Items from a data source
⟨

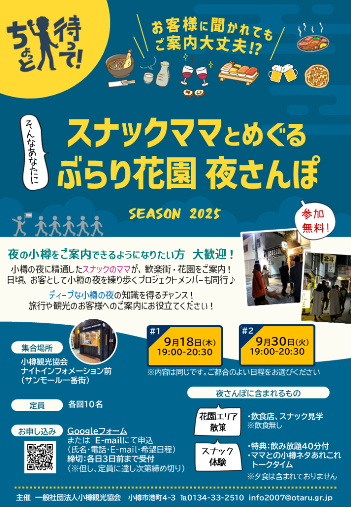 小樽の夜に精通したスナックのママが、歓楽街・花園をご案内します。日頃、お客として小樽の夜を練り歩くプロジェクトメンバーも同行♪ディープな小樽の夜の知識を得るチャンスです。旅行や観光のお客様へのご案内にお役立てください!
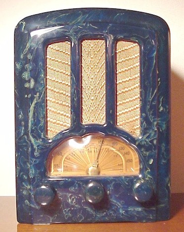 Daves Colorfull Radios Page 6Welcome to page 6 of Daves Colorfull Radios. During the 1930s the plastic industry grew by leaps and bounds. The different types of molds grew rapidly also. One of the new plastics was Plaskon. This phenolic resin poured and cooled very quickly. More colors could be made with this resin. Also marbleizing or the swirling was more pronounced when done. The advantage of Plaskon over Catalin was that it did not need the hand polishing as part of the process. Over time Plaskon gets quite brittle and will crack or break quite easilly. On this page are some Plaskon and Catalin radios.
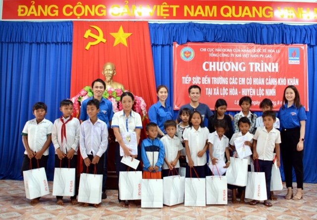 Trong 02 ngày 24 và 25/08/2019, Đoàn Thanh niên Tổng công ty Khí Việt Nam phối hợp cùng Đoàn Thanh niên Chi cục Hải quan Cửa khẩu Quốc tế Hoa Lư – tỉnh Bình Phước đã tổ chức chương trình “Tiếp sức đến trường năm 2019” cho các em học sinh có hoàn cảnh khó khăn tại Trường Tiểu học và Trung học cơ sở Lộc Hòa, huyện Lộc Ninh, tỉnh Bình Phước.
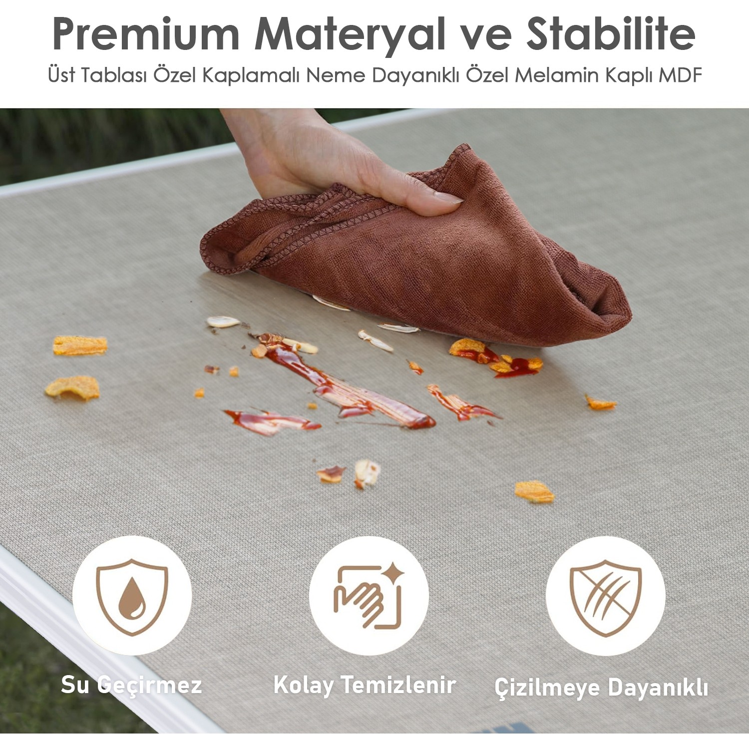 ✅&Nbsp; Kalite Ve Stabilite: Haegs Katlanabilir Kamp Masası, Mukavemetli Alaşımlı Alüminyum Çerçeve, Alüminyum Gövde Yapısı, Alüminyum Ayakları Ve Üst Tablası Özel Kaplamalı Medium Density Fiberboard (Neme Özel Melamin Kaplı Mdf) Levhadan Yapılmıştır. Güçlü, , Paslanmaz, Deforme Olmaz Ve Temizlenmesi Kolaydır. Masa Tablasının Her Köşesinde, Ayaklarla Birlikte Stabiliteyi Ve Maksimum Yük Kapasitesini (30 Kg’a Kadar) Önemli Ölçüde Artıran Bir Payanda Bulunmaktadır.
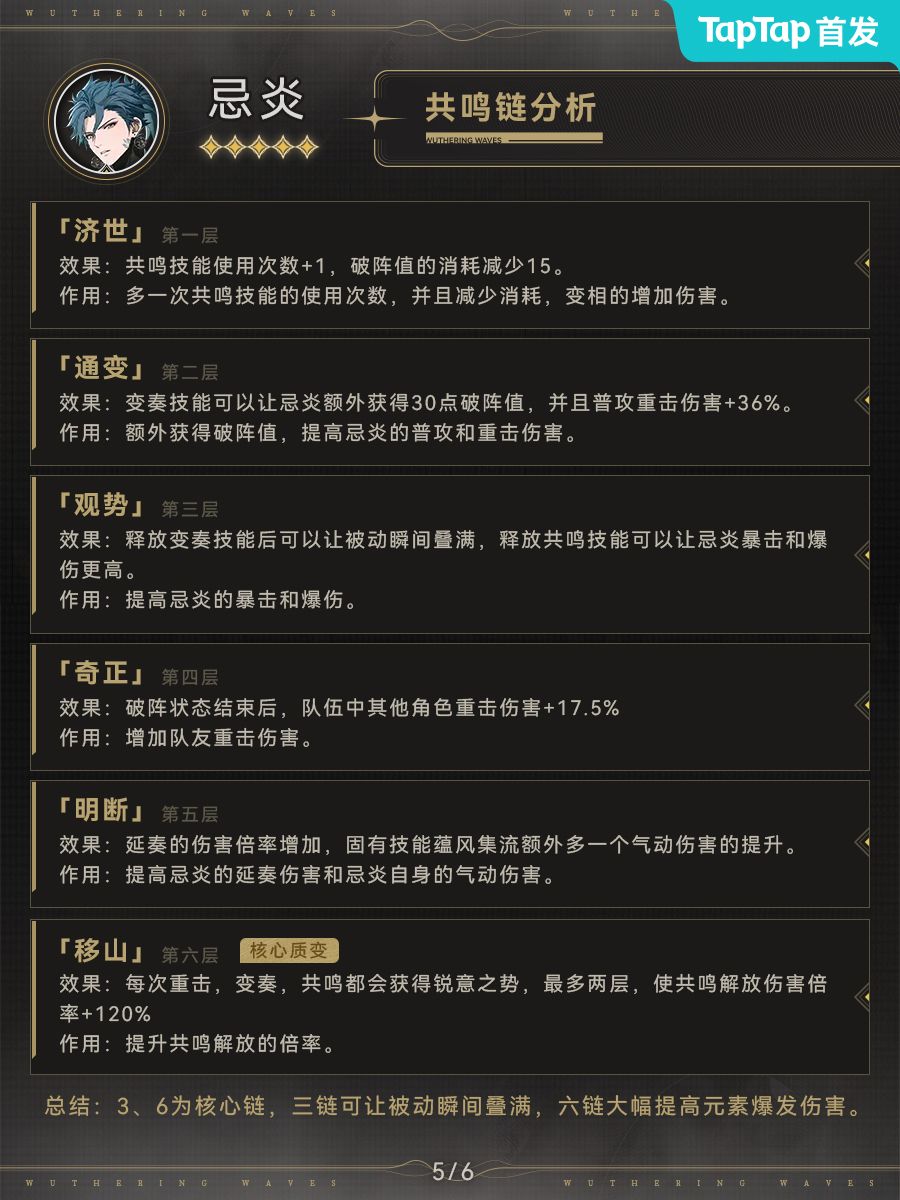 忌炎0链可用,如果打算氪金抽共鸣链推荐以3链和6链为目标。

⟩

:: Problem requirements ::
Please print all the lines above exactly as given and leave out every picture.

:: Exercise solution ::
 小樽の夜に精通したスナックのママが、歓楽街・花園をご案内します。日頃、お客として小樽の夜を練り歩くプロジェクトメンバーも同行♪ディープな小樽の夜の知識を得るチャンスです。旅行や観光のお客様へのご案内にお役立てください!
 Daves Colorfull Radios Page 6Welcome to page 6 of Daves Colorfull Radios. During the 1930s the plastic industry grew by leaps and bounds. The different types of molds grew rapidly also. One of the new plastics was Plaskon. This phenolic resin poured and cooled very quickly. More colors could be made with this resin. Also marbleizing or the swirling was more pronounced when done. The advantage of Plaskon over Catalin was that it did not need the hand polishing as part of the process. Over time Plaskon gets quite brittle and will crack or break quite easilly. On this page are some Plaskon and Catalin radios.
 Trong 02 ngày 24 và 25/08/2019, Đoàn Thanh niên Tổng công ty Khí Việt Nam phối hợp cùng Đoàn Thanh niên Chi cục Hải quan Cửa khẩu Quốc tế Hoa Lư – tỉnh Bình Phước đã tổ chức chương trình “Tiếp sức đến trường năm 2019” cho các em học sinh có hoàn cảnh khó khăn tại Trường Tiểu học và Trung học cơ sở Lộc Hòa, huyện Lộc Ninh, tỉnh Bình Phước.
 ✅&Nbsp; Kalite Ve Stabilite: Haegs Katlanabilir Kamp Masası, Mukavemetli Alaşımlı Alüminyum Çerçeve, Alüminyum Gövde Yapısı, Alüminyum Ayakları Ve Üst Tablası Özel Kaplamalı Medium Density Fiberboard (Neme Özel Melamin Kaplı Mdf) Levhadan Yapılmıştır. Güçlü, , Paslanmaz, Deforme Olmaz Ve Temizlenmesi Kolaydır. Masa Tablasının Her Köşesinde, Ayaklarla Birlikte Stabiliteyi Ve Maksimum Yük Kapasitesini (30 Kg’a Kadar) Önemli Ölçüde Artıran Bir Payanda Bulunmaktadır.
 忌炎0链可用,如果打算氪金抽共鸣链推荐以3链和6链为目标。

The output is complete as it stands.